FOR IMMEDIATE RELEASE
Contact: Patrick McCann (202) 224-2353
December 18, 2025
Cotton to Bondi: Investigate Whether Sensitive American Data at Risk of Access by CCP
Washington, D.C. — Senator Tom Cotton (R-Arkansas) today sent a letter to Attorney General Bondi urging an investigation into whether the data from Airwallex is being accessed by the Chinese Communist Party. Airwallex is a cross-border payments platform that processes highly sensitive U.S. data for major American companies.
In part, Senator Cotton wrote:
“I respectfully request that the Department open a full investigation into whether Airwallex data is being accessed by the Chinese Communist Party.”
Full text of the letter may be found here and below.
December 18, 2025
The Honorable Pam Bondi
Attorney General
U.S. Department of Justice
950 Pennsylvania Avenue, NW
Washington, DC 20530
Dear Attorney General Bondi:
I write concerning evidence that Airwallex, a cross-border payments platform with significant operations in mainland China and Hong Kong, is processing highly sensitive U.S. data for major American companies, potentially exposing this data to the Chinese Communist Party through legal compulsion under PRC intelligence laws. Airwallex operates as a U.S. money transmitter (NMLS #1928093) and powers payment, payroll, and reimbursement systems for Zip, Brex, Rippling, Deel, and Navan. Through these integrations, Airwallex processes data for OpenAI, Anthropic, Coinbase, and defense contractor Anduril Industries, including Social Security numbers, dates of birth, supplier payments, payroll information, and employee reimbursement accounts revealing travel patterns.

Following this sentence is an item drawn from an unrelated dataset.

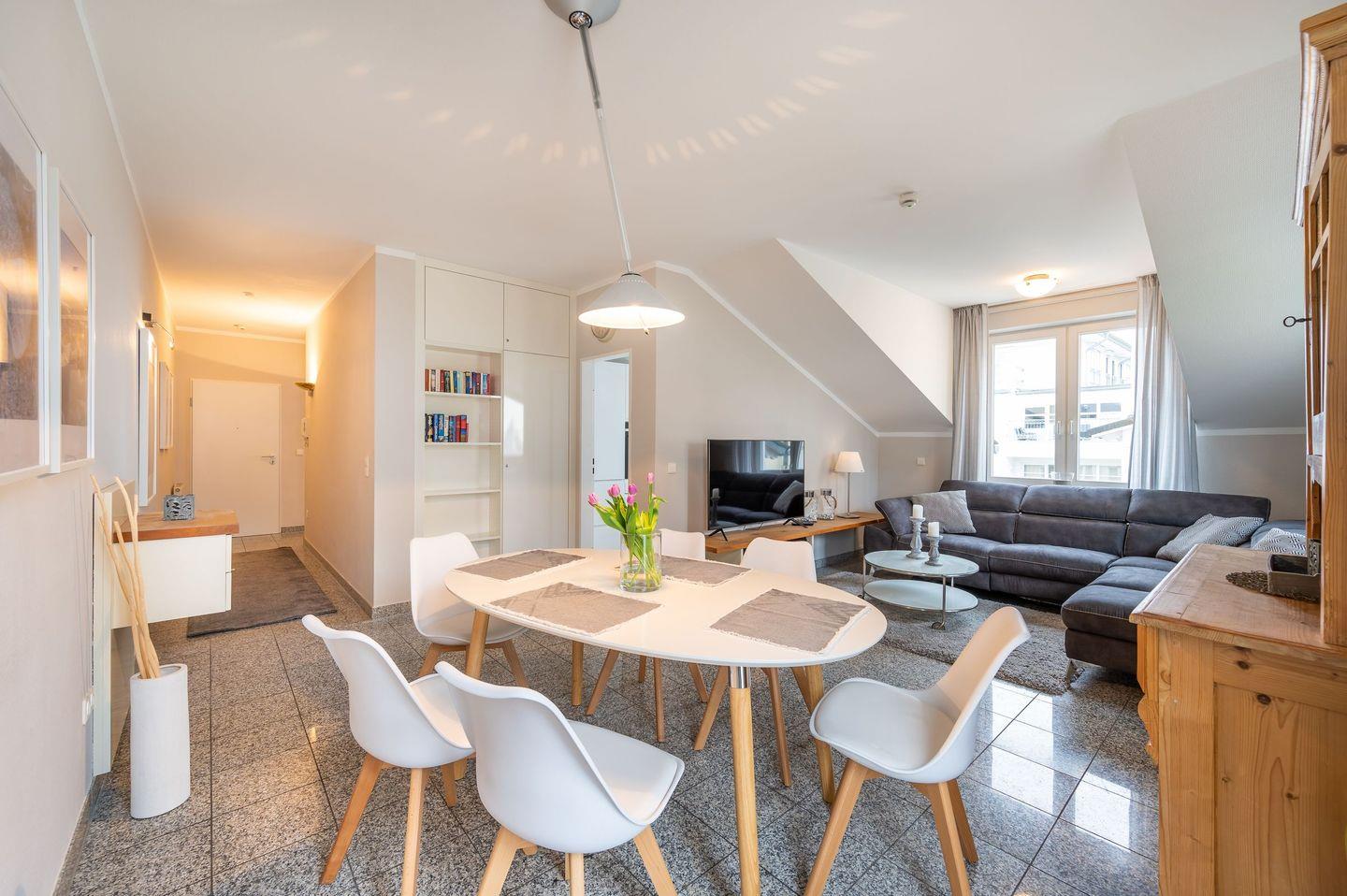 Viel Platz und Möglichkeiten - das Appartement verfügt über 2 Schlafzimmer, einem Duschbad, ein geräumiges Wohnzimmer mit Zugang zum ruhig gelegenen Balkon und natürlich Smart-TV, dem Essbereich, sowie eine separate, vollständig eingerichtete, hochwertige Nolte Küche.

According to reporting, Briar Mercier, Airwallex's head of operations and strategy, raised alarms in 2023 about China-based staff pushing to access client KYC data including names, birth details, and identification numbers. These concerns were dismissed due to potential revenue loss despite acknowledging a compliance breach.1 Sources also reported that when Airwallex moved its headquarters to Singapore in 2023, the company had identified it was unable to quarantine customer data from China.2 Given that the PRC National Intelligence Law obligates all organizations and citizens under Chinese jurisdiction to support state intelligence work and keep such cooperation secret, Airwallex's mainland operations create material risk of Chinese government access to sensitive U.S. data.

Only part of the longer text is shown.